October / November 2008

Every DBA strives to maintain a healthy DB2 environment every day. However, there are numerous lingering misconceptions about database health to which many organizations fall prey. These misconceptions occur because DBAs believe in, or apply concepts that are, objectively false.

Like old wives' tales, some misconceptions exist simply because they have been passed down from older generations. In terms of DB2, this means that even best practices true for older DB2 versions may no longer be best. This article comprises a number of the most common ones about DB2 maintenance and recovery.

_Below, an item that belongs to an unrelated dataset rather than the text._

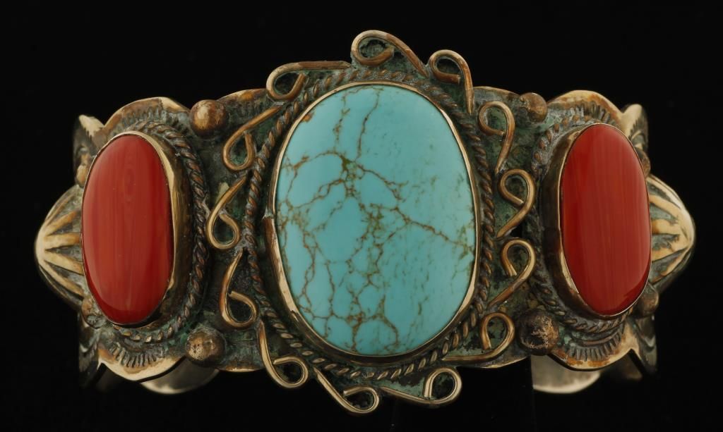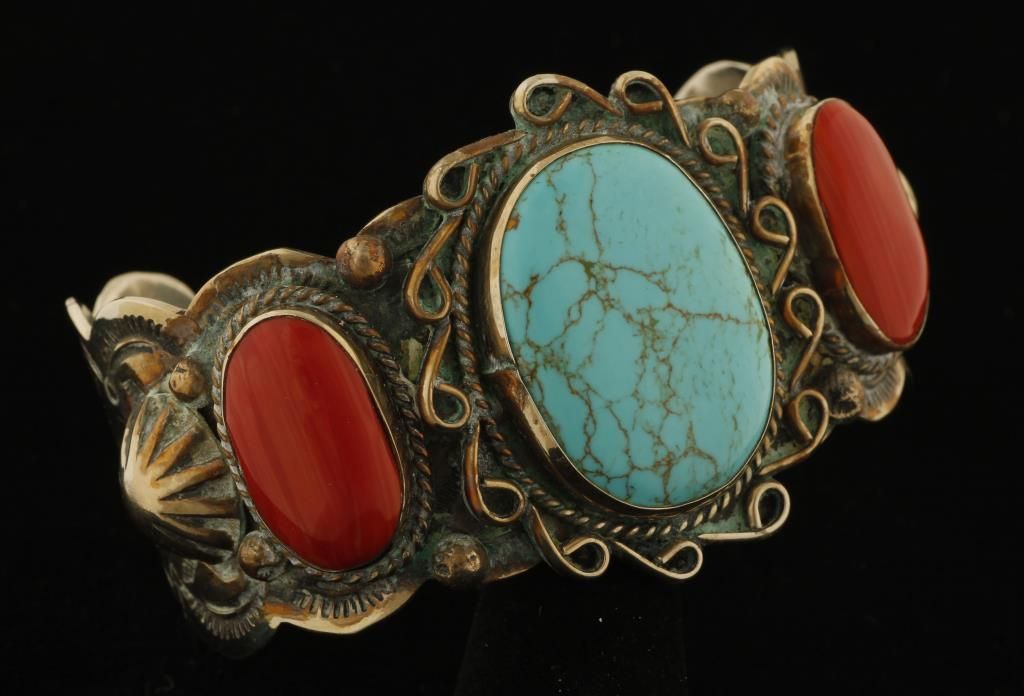 Turquoise & red coral cuff by Navajo artist Albert Cleveland. Albert does silversmithing in the 1940's curio style. The piece is in nickel silver and has a turquoise stone in the center which measures 1-3/8" in length. This center stone is accented by 2 large red coral pieces on the sides. The cuff features rope detail, scroll, and bead work along with the stamp work. The piece measures 1-3/4" wide, has an inside measurement of 5-5/8" with a gap of 1-3/8". It is hallmarked "AC" on the inside. The cuff weighs 82.5 grams.

"Lies, Damned Lies, and Statistics"

This well-known saying is part of a phrase usually attributed to Benjamin Disraeli and popularized in the U.S. by Mark Twain. Although the origin of this statement may be questioned, its meaning is clear. It refers to the persuasive power of numbers and neatly describes how even accurate statistics can be used to bolster inaccurate arguments. When it comes to DB2, statistics are the lifeblood of database health.

With that said, it is relevant to distinguish between the two types of statistics available to us: catalog statistics and real-time statistics. Although originally intended as food for the DB2 Optimizer, historically we have also needed analytical RUNSTATS that updated catalog statistics in order to drive our maintenance processes. With the advent of real-time statistics there is absolutely no need to waste time and resources by running analytical RUNSTATS. It’s time to get back to the future and use RUNSTATS strictly for the purpose that IBM intended: driving access paths for optimal performance.

For the skeptics, it’s time to dispel the delusion that using real-time statistics increases CPU costs. DB2 collects the statistics in real-time anyway, even if you are not using them. Experience and customer polls indicate that externalizing RTS has practically no impact on CPU. And the fact that they are collected in real time not only means that they're available when you need them, it means that they're up-to-date and accurate.

All Backups Are There!

So you've got your statistics straight. They reflect your database activity accurately and you can rely on them as a basis for backups. The real-time statistics that pertain to backups include:

COPYLASTTIME - the timestamp of the last full or incremental image copy on the table space or partition.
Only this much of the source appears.